Qualifications: About you

• Minimum 2-4 years relevant QC experience in a GMP-regulated and clean room environment.
• Demonstrated proficiency in analytical and microbiological testing, including flow cytometry, cell counting, endotoxin, sterility, and environmental monitoring.
• Requires Bachelor’s degree in a scientific discipline or equivalent combination of education and experience.
• Hands-on experience in a GMP-regulated or cleanroom laboratory environment.
• Familiarity with aseptic technique and contamination-control principles.
• Experience performing environmental monitoring (viable air, surface, personnel, and non-viable particulates).
• Knowledge of microbiological methods including endotoxin (LAL), sterility, bioburden, gram staining and growth-promotion testing.
• Basic proficiency in flow cytometry, including sample handling, staining, and data acquisition.
• Experience performing cell counts and viability testing using automated or manual methods.

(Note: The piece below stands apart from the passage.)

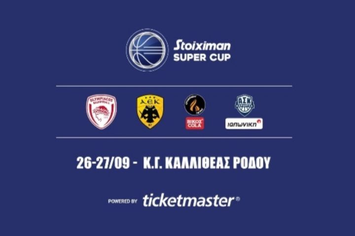 Για τους αγώνες που θα διεξαχθούν στο κλειστό της Καλλιθέας στη Ρόδο, την Παρασκευή 26/9 και το Σάββατο 27/9, με τη συμμετοχή του Ολυμπιακού, της ΑΕΚ, του Προμηθέα ΒΙΚΟΣ COLA και της Καρδίτσας ΙΑΠΩΝΙΚΗ στο πλαίσιο του Stoiximan Super Cup ενημερώνουμε τους φιλάθλους που θέλουν να τους παρακολουθήσουν από κοντά ότι: Εισιτήρια θα διατεθούν ΜΟΝΟ διαδικτυακά (ticketmaster).

• Working knowledge of GMP documentation and data integrity requirement and standards.
• Familiarity with equipment calibration, qualification, and maintenance.
• Competence with data entry and verification in tracking systems (paper or electronic).
• Understands raw material sampling and testing processes.
• Experience supporting or coordinating external laboratory testing is preferred.
• Ability to perform basic data trending and report generation for EM or analytical results.
• Team player that is comfortable working in a fast-paced, schedule-driven environment to support manufacturing operations

The targeted salary range for this position is $60,000 - $89,100 per year. MiNK is making a good faith effort to be transparent and accurate around our hiring ranges. The salary offered is commensurate with MiNK's compensation philosophy and considers factors including, but not limited to, education, training, experience, external market conditions, critical needs of the role, and internal equity.